Transcribe each entry in full, and leave the images out.
(Task input Opens)
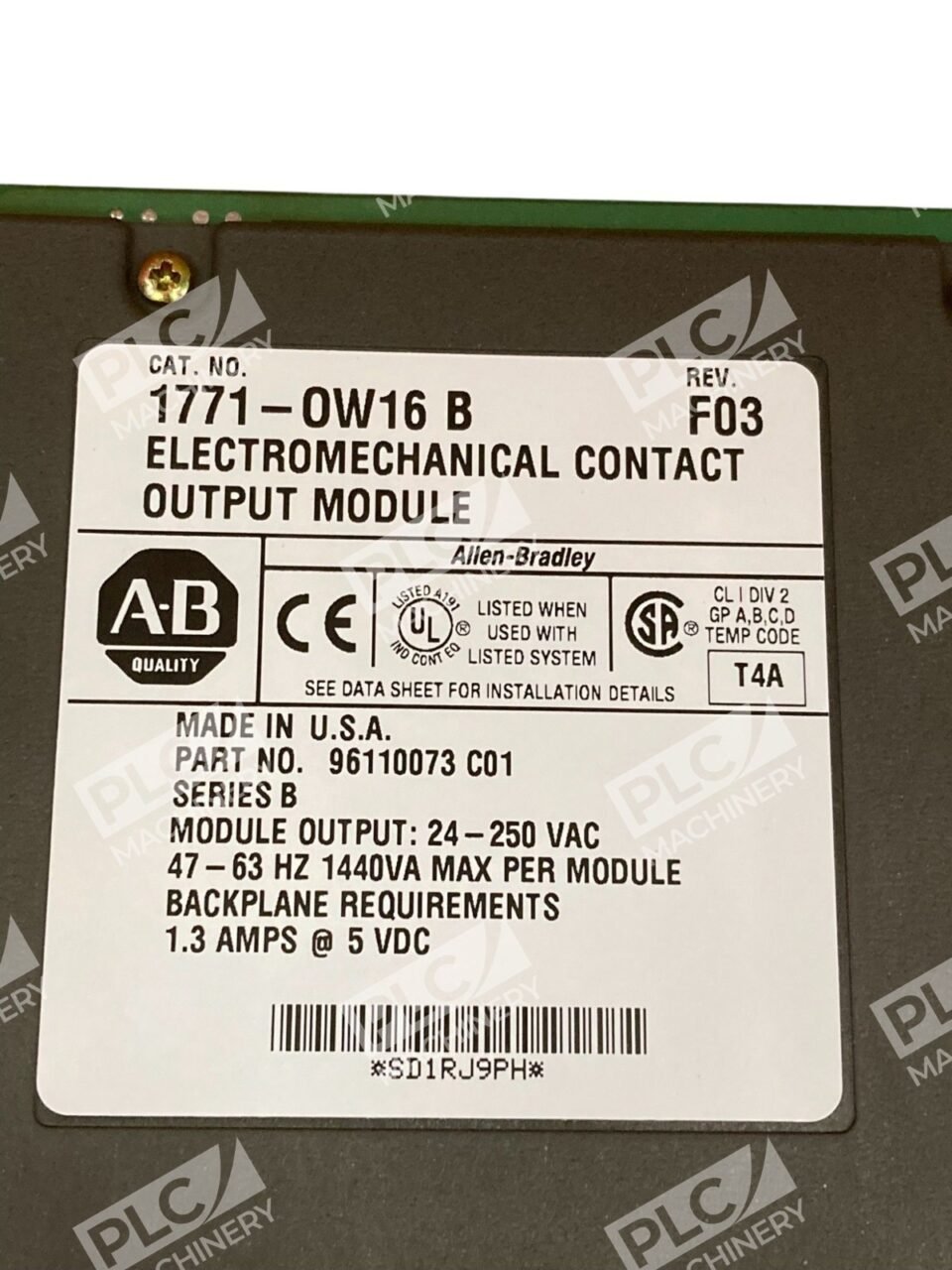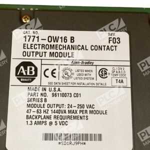 The Allen-Bradley 1771-OW16/B is a 16-point electromechanical contact output module designed for use within the PLC-5 and 1771 Series I/O systems. This module provides reliable relay outputs suitable for controlling various external devices in industrial automation applications.
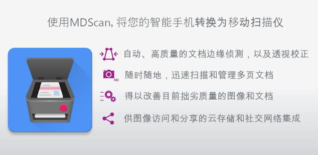 MDScan is a mobile doc scanner that allows you to scan any type of document using your phone camera. This could be receipts, text pages, coupons, posters, magazine articles, invoices, pictures, and any printed documents.
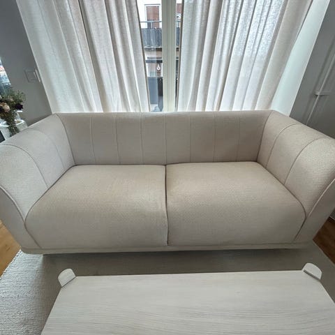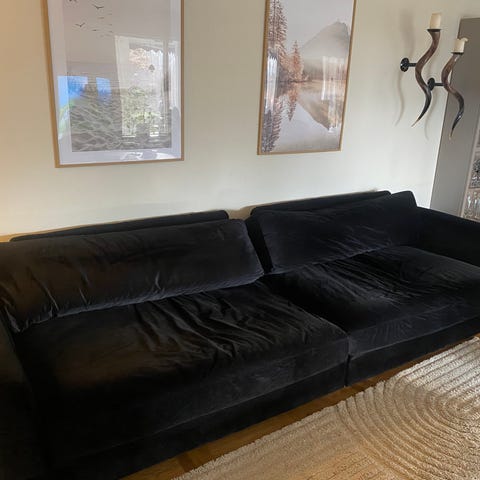 En stilren o bekväm 2sitssoffa i brunt tyg med svarta metallben. Soffan är i fint begagnat skick har använts normalt
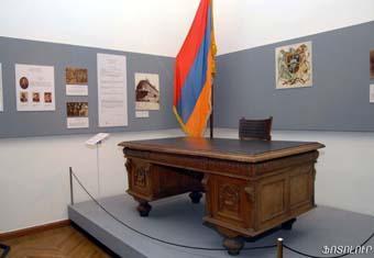 От многих экспонатов буквально не оторвать глаз, настолько они интересны. Вот большая фотография членов армянского Ревкома, отправивших 29 ноября 1920 года из Карвансарая (нынешний Иджеван) телеграмму Ленину с сообщением, что в Армению пришла советская власть. На нас смотрят еще совсем молодые мужчины, многие из которых впоследствии были расстреляны. А пока у них хоть и усталые, но очень счастливые лица. У стены тот самый телеграфный аппарат, с которого предположительно и была послана телеграмма. В витрине первая печать Ревкома и чернильный прибор Саркиса Касьяна - первого главы армянского Ревкома. Чернильные приборы, часы, курительные трубки, очки, мундштуки можно встретить и в других витринах. Они принадлежали большевикам Саркису Лукашину, Сааку Тер-Габриеляну, Асканазу Мравяну… При взгляде на массивный письменный стол с традиционным зеленым сукном из кабинета Александра Мясникяна (Мартуни) и на не менее массивный телефонный аппарат в памяти всплывают строчки Маяковского: "Гвозди бы делать из этих людей, крепче бы не было в мире гвоздей". Советская идеология умела создавать нимбы и мифы.
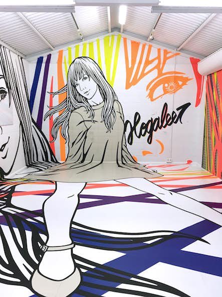 現代社会の「オンナノコ」をシンプルな太い線でポップに描いてきたアーティスト・Hogalee(ホガリー)。2013年頃より、美術史に登場する絵画とコミック的人物像とを合体させた「剽窃」シリーズと、マスキングテープを画材の代用にして巨大な壁画を描く「原状回復」シリーズという異なるテーマに取り組んでいる。
(Task input Closes)
= Reply to the task =
 The Allen-Bradley 1771-OW16/B is a 16-point electromechanical contact output module designed for use within the PLC-5 and 1771 Series I/O systems. This module provides reliable relay outputs suitable for controlling various external devices in industrial automation applications.
 MDScan is a mobile doc scanner that allows you to scan any type of document using your phone camera. This could be receipts, text pages, coupons, posters, magazine articles, invoices, pictures, and any printed documents.
 En stilren o bekväm 2sitssoffa i brunt tyg med svarta metallben. Soffan är i fint begagnat skick har använts normalt
 От многих экспонатов буквально не оторвать глаз, настолько они интересны. Вот большая фотография членов армянского Ревкома, отправивших 29 ноября 1920 года из Карвансарая (нынешний Иджеван) телеграмму Ленину с сообщением, что в Армению пришла советская власть. На нас смотрят еще совсем молодые мужчины, многие из которых впоследствии были расстреляны. А пока у них хоть и усталые, но очень счастливые лица. У стены тот самый телеграфный аппарат, с которого предположительно и была послана телеграмма. В витрине первая печать Ревкома и чернильный прибор Саркиса Касьяна - первого главы армянского Ревкома. Чернильные приборы, часы, курительные трубки, очки, мундштуки можно встретить и в других витринах. Они принадлежали большевикам Саркису Лукашину, Сааку Тер-Габриеляну, Асканазу Мравяну… При взгляде на массивный письменный стол с традиционным зеленым сукном из кабинета Александра Мясникяна (Мартуни) и на не менее массивный телефонный аппарат в памяти всплывают строчки Маяковского: "Гвозди бы делать из этих людей, крепче бы не было в мире гвоздей". Советская идеология умела создавать нимбы и мифы.
 現代社会の「オンナノコ」をシンプルな太い線でポップに描いてきたアーティスト・Hogalee(ホガリー)。2013年頃より、美術史に登場する絵画とコミック的人物像とを合体させた「剽窃」シリーズと、マスキングテープを画材の代用にして巨大な壁画を描く「原状回復」シリーズという異なるテーマに取り組んでいる。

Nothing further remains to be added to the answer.